Red Hat's Bluecurve (was: Red Hat 8.0 is 'official')

Paul Iadonisi pri.nhlug at iadonisi.to
Sat Oct 5 22:35:55 EDT 2002


On Sat, 2002-10-05 at 19:54, steveo at syslang.net wrote:

[snip]

> Guys, I just did an upgrade of my system here at home to 8.0 and boy do I 
> regret it. Absolutely nothing works and I have no idea why.

  Absolutely nothing?  Could you elaborate a bit?  I upgraded my desktop
and have very few problems.  In fact, I'll list them here, keeping in
mind that I'm only listing the problems, not the good stuff about 8.0. 
Overall, I've got to say that this the best dot-oh release from Red
Hat.  It even rivals .2 or .3 releases.

> I consider 
> myself to be pretty good at this too. So after 3 hours of fucking around, 
> I gave up and went for a reload. It sort of works now in a very crippled 
> state. My iptables firewall is no longer functional and I have a band-aid 
> one set up using their lokkit util. 

  Again, I've got to wonder what you're doing.  My relatively non-trival
iptables worked without a single change.

> I tried to build a kernel and I'm 
> getting syntax errors as well as a ton of new warnings associated with the 
> new gcc; so bad that I can barely figure out what's going on.

  Um, I've been building kernels since I upgraded.  I've had one problem
(that only has to do with building kernel *rpms* and for which I have a
workaround) and have no such problems.  Details please, maybe someone on
this list can help.

> And the 
> Bluecurve thing? I'm having a hard time trying to figure out just how dumb 
> you have to be to like it.

  Here, I'm afraid, I somewhat agree.  The new window manager for Gnome
2.0, metacity, is basically crippling for me.  But it wasn't too much
effort to switch back to sawfish (still included in 8.0) and pick a
theme that suites my taste better (there aren't that many --
http://themes.freshmeat.net shows 17 for gtk+2 and over 400 for gtk+ --
but that's more a Gnome 2.0 issue than a Red Hat 8.0 specific issue).
  HOWEVER...keep in mind that more dumb people pay for free software
than smart people ;-).

> Push the browser button and you get mozilla, 
> but there's nothing to tell you that you'd get mozilla if you push it. :-(

  And most dumb (and even some smart) users, don't care.  They just want
to browse the net.

> That's all for now.
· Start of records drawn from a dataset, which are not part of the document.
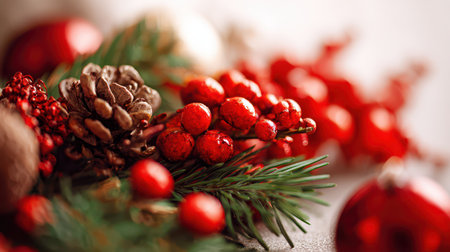 A charming arrangement of holiday decorations featuring red and gold ornaments, pinecones, and vibrant berries, perfect for festive celebrations.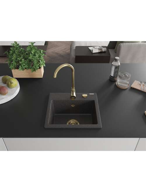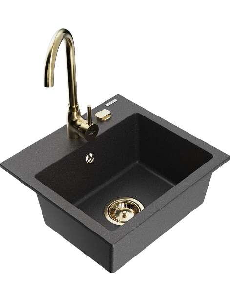 Mexen Milo zlewozmywak granitowy 1-komorowy z baterią kuchenną Telma, czarny nakrapiany - 6505-76-670200-50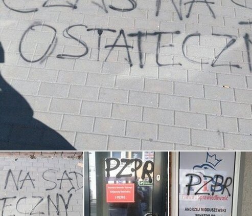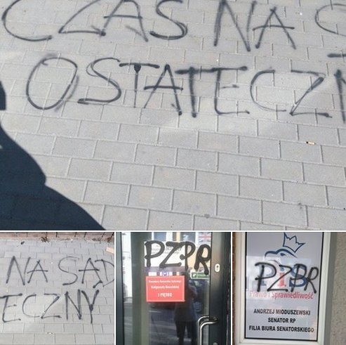 Przed wejściem do wspólnej filii biura pojawiły się napisy - "Czas na sąd ostateczny". Na drzwiach i oknach napisano - "PZPR". Dewastacja odbyła się w nocy z piątku na sobotę.

I have to go off and be frantic.

  I also wasn't pleased with the lack of mp3 support.  (I *do* however
thoroughly respect the decision and will migrate completely to ogg
vorbis when I can.)
  I had severe problems with my nasty Intel 440GX based systems that
basically boil don't to the dolts at Intel who refuse to share
programming information for the APIC on this board.  These were on my
two servers, but not my desktop which upgraded flawlessly.  My servers
are each now basically an 8.0 system with a 7.3 errata kernel.  I'm
working on it, but I blame Intel for that one, not Red Hat.
  When upgrading, I think from 7.1 to 7.2 (whenever the bump to Gnome
1.4 took place...I forgot), there was a little druid that popped up that
migrated my gnome setup to the new format.  This time, I had to redo all
my settings, including adding all my launchers to the panel.  Annoying,
yes, but I suspect this to be a generic Gnome 2.0 issue.
  I also changed the icons of evolution, mozilla, and gaim back to the
originals -- just a preference.
  It's now impossible to have the Gnome panel(s) be anything but
always-on-top.  Experiment: add a menu panel on the top of the screen,
launch a gnome-terminal, select View->Full Screen in the gnome-terminal
and now try to minimize it.  You have to delete the menu panel first. 
Ugh!  Again, I think this is a generic Gnome 2.0 issue that will be
fixed in Gnome 2.2.
  Other than that, I really like it.  I like that OpenOffice.org is
included.  The default font looks much cleaner, and is used in almost
all applications.  (Some Gnome 1.x apps have that have yet to be ported
might not use the same font.)  Up arrow now works in bash even when
using vi editing mode (though I recommend removing or renaming
/etc/inputrc as it seems to mess things up -- at least for me.)  All my
hardware works (save the stupid Intel-ism described above).
-- 
-Paul Iadonisi
 Senior System Administrator
 Red Hat Certified Engineer / Local Linux Lobbyist
 Ever see a penguin fly?  --  Try Linux.